:: DATA TO EXAMINE

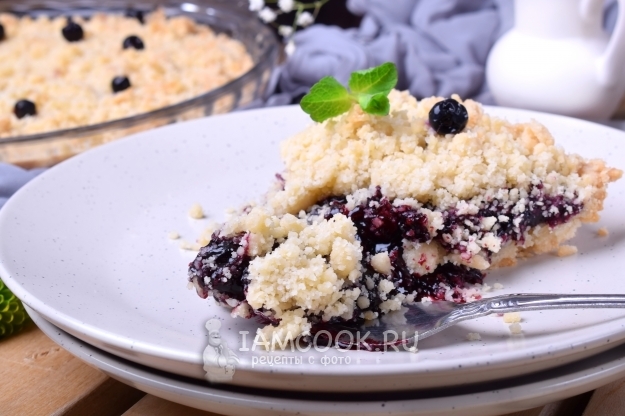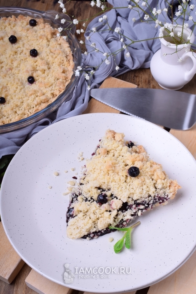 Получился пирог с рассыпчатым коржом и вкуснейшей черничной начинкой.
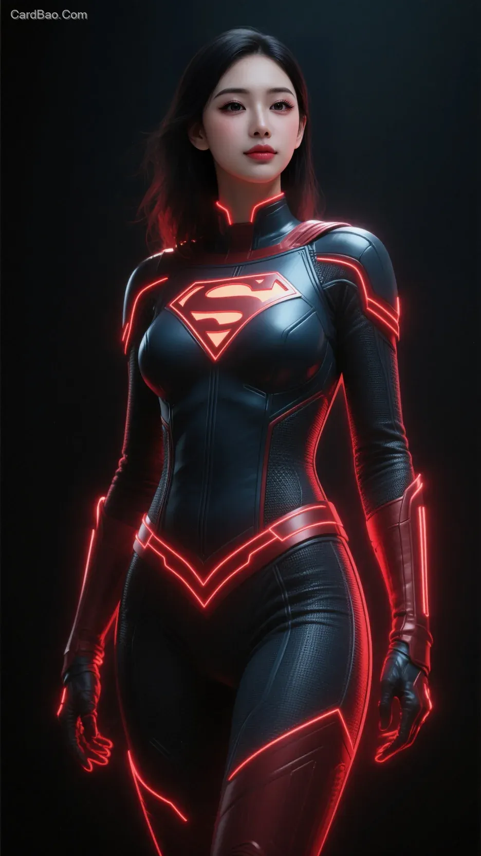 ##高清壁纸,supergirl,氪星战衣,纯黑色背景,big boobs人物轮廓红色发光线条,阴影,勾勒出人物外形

::::
:: DATA TO EXAMINE

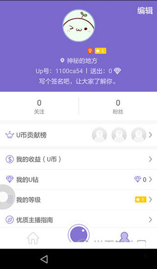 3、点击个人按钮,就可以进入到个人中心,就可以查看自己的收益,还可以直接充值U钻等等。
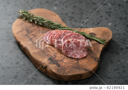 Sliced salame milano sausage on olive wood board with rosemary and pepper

::::
:: DATA TO EXAMINE

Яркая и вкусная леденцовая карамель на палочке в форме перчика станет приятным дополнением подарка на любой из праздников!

::::

YOUR INSTRUCTIONS: Every line above in the stretch from the one with "Получился пирог с" through the one with "##高清壁纸,supergi" is to be transcribed exactly, ends included. No picture is copied.

RESPONSE AREA:
 Получился пирог с рассыпчатым коржом и вкуснейшей черничной начинкой.
 ##高清壁纸,supergirl,氪星战衣,纯黑色背景,big boobs人物轮廓红色发光线条,阴影,勾勒出人物外形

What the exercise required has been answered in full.